Confinement Inertiel dans des Cavités de Grande Taille

SL-DRF-18-0218

Domaine de recherche : Energie, thermique, combustion, écoulements
Laboratoire d'accueil :

Service des Basses Températures (SBT)

Laboratoire Cryogénie Fusion (LCF)

Grenoble

Contact :

Jérome DUPLAT

Date souhaitée pour le début de la thèse : 01-09-2017

Contact :

Jérome DUPLAT

Université Grenoble Alpes - DRF/INAC/SBT/LCF

04 38 78 64 89

Directeur de thèse :

Jérome DUPLAT

Université Grenoble Alpes - DRF/INAC/SBT/LCF

04 38 78 64 89

Dans le cadre de l'utilisation du confinement inertiel pour produire les conditions de la fusion nucléaire, nous proposons d’étudier la dynamique de bulles sphériques de grande taille (centimétriques). On s’intéresse en particulier au cas où une cavité est placée en forte dépression au sein d’un liquide. On observe alors que la bulle s’effondre sur elle même, avec une très grande violence. Pour une cavité non vide, les éléments piégés sont très fortement comprimés. L’interface et l’ensemble du liquide ralentit, et son énergie (cinétique) est transférée au milieu composant la cavité. C’est le principe du confinement inertiel, exploité pour la réalisation des conditions thermodynamiques de la fusion nucléaire (projets Laser Méga Joule, National Ignition Facility), et à l’origine du phénomène de sonoluminescence.

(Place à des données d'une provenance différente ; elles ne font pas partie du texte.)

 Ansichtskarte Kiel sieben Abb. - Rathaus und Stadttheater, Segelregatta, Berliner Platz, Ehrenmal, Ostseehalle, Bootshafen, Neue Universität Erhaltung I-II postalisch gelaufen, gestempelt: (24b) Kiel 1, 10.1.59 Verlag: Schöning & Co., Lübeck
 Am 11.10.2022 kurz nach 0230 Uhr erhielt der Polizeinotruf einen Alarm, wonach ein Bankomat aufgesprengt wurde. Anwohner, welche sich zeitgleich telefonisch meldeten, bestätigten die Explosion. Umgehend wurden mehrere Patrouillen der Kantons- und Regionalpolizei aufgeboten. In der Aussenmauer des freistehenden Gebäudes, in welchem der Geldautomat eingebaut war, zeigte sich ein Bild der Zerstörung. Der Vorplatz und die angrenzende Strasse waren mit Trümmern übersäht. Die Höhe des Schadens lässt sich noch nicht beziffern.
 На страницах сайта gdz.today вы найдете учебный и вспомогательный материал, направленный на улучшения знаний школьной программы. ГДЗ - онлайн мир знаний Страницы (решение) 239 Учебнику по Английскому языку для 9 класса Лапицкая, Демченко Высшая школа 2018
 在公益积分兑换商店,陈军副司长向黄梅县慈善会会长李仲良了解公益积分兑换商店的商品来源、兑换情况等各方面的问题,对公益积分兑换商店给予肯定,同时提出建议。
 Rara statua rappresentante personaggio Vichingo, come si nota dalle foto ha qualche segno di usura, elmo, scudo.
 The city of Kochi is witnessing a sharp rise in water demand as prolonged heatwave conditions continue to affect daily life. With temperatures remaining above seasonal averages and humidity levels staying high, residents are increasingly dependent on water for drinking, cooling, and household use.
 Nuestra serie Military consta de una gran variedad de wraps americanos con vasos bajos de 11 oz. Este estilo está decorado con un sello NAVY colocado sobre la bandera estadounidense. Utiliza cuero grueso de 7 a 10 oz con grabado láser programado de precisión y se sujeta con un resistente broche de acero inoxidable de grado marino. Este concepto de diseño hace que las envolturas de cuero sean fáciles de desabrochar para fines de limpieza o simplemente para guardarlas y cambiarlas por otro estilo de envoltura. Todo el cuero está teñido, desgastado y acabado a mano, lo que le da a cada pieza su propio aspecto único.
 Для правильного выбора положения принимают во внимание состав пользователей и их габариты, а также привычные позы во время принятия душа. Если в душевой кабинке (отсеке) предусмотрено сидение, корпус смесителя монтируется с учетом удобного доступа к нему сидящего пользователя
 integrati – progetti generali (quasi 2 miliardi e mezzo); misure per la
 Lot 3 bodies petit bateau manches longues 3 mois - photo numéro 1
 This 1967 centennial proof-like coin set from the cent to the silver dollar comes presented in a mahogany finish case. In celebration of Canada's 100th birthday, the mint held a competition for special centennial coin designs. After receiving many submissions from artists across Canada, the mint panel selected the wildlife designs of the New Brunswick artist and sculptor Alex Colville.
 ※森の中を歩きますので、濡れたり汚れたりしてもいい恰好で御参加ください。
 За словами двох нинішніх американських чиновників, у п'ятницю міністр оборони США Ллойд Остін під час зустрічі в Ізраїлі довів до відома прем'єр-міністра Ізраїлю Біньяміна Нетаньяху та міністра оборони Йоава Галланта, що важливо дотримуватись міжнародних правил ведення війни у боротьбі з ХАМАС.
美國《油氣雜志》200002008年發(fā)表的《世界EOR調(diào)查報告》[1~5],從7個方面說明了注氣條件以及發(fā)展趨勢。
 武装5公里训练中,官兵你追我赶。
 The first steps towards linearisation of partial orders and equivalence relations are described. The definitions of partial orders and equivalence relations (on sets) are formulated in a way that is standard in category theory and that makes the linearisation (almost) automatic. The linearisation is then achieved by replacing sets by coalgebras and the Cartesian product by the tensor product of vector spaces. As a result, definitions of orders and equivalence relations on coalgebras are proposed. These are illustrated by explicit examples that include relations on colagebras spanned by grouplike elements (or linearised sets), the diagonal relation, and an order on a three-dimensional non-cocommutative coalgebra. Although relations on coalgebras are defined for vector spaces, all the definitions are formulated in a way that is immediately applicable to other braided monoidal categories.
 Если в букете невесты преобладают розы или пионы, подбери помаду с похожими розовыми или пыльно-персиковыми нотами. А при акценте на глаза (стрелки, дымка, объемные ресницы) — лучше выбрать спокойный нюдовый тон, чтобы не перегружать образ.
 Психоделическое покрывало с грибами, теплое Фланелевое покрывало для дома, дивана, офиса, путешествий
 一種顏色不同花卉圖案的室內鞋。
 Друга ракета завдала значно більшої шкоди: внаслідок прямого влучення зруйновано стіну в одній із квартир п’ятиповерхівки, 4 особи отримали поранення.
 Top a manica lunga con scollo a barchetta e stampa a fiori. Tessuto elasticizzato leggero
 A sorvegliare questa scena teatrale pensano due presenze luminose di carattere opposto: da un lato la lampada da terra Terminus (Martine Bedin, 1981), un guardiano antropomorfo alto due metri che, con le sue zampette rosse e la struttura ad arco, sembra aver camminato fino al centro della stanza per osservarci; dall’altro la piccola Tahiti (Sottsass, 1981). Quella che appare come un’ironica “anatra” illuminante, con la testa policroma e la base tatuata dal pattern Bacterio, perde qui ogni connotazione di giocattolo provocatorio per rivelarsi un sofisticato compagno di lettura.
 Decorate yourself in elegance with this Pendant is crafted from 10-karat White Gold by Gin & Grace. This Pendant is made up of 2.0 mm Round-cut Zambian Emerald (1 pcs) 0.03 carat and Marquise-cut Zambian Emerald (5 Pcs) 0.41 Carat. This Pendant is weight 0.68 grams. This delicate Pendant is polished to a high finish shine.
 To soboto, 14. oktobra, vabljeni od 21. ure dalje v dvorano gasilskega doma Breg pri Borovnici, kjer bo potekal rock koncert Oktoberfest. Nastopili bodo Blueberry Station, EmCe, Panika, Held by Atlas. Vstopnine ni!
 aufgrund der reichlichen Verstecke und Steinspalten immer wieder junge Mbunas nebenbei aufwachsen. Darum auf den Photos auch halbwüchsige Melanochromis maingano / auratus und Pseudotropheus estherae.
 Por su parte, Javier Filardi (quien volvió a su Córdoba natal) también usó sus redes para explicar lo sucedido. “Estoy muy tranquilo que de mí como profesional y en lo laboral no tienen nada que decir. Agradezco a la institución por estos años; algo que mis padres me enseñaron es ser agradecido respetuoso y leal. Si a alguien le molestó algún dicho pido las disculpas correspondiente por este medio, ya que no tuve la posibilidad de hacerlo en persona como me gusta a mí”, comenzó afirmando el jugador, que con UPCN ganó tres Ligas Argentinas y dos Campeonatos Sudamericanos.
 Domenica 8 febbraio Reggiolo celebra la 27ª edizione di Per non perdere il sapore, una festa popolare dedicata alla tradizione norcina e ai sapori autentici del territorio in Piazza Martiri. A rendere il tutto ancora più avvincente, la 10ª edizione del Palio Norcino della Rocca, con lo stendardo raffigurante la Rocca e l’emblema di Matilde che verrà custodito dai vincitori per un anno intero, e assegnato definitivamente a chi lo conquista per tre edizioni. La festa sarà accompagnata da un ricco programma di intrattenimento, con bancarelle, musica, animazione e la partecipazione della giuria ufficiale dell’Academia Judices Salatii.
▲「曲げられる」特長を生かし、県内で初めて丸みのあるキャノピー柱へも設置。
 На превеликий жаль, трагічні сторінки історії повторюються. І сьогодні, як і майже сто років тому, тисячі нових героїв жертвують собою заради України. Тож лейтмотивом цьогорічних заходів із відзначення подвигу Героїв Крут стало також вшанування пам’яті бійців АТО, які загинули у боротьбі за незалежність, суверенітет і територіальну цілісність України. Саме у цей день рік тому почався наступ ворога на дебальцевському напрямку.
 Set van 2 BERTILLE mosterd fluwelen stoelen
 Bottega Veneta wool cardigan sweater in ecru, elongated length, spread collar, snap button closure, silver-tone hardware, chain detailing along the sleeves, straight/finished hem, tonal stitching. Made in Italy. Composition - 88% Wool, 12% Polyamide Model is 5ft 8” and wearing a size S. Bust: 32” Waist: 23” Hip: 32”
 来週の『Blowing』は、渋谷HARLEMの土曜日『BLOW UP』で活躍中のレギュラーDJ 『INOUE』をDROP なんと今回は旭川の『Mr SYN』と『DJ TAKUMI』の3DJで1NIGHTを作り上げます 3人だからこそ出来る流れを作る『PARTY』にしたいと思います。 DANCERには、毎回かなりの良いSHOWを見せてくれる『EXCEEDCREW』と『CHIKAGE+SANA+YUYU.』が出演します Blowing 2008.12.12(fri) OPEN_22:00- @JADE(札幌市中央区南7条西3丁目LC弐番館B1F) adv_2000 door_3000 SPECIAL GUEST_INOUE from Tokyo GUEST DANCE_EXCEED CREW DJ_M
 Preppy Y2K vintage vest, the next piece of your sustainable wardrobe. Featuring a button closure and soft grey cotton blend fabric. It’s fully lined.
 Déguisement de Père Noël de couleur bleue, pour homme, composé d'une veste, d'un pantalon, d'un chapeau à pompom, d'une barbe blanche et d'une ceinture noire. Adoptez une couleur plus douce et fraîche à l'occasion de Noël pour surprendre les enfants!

Nous proposons de réaliser des expériences similaires, à grande échelle spatiale (quelques centimètres) et grande échelle temporelle (de l’ordre de la milliseconde), ce qui autorise une observation détaillée (notamment par imagerie rapide) des phénomènes hydrodynamiques intervenant dans le processus.



Grâce à l'application d'un champ magnétique, il est possible de compenser l'effet des forces de gravité dans l'oxygène liquide. Il est donc possible de créer une bulle au sein de ce liquide, qui soit sphérique et de grande taille initialement.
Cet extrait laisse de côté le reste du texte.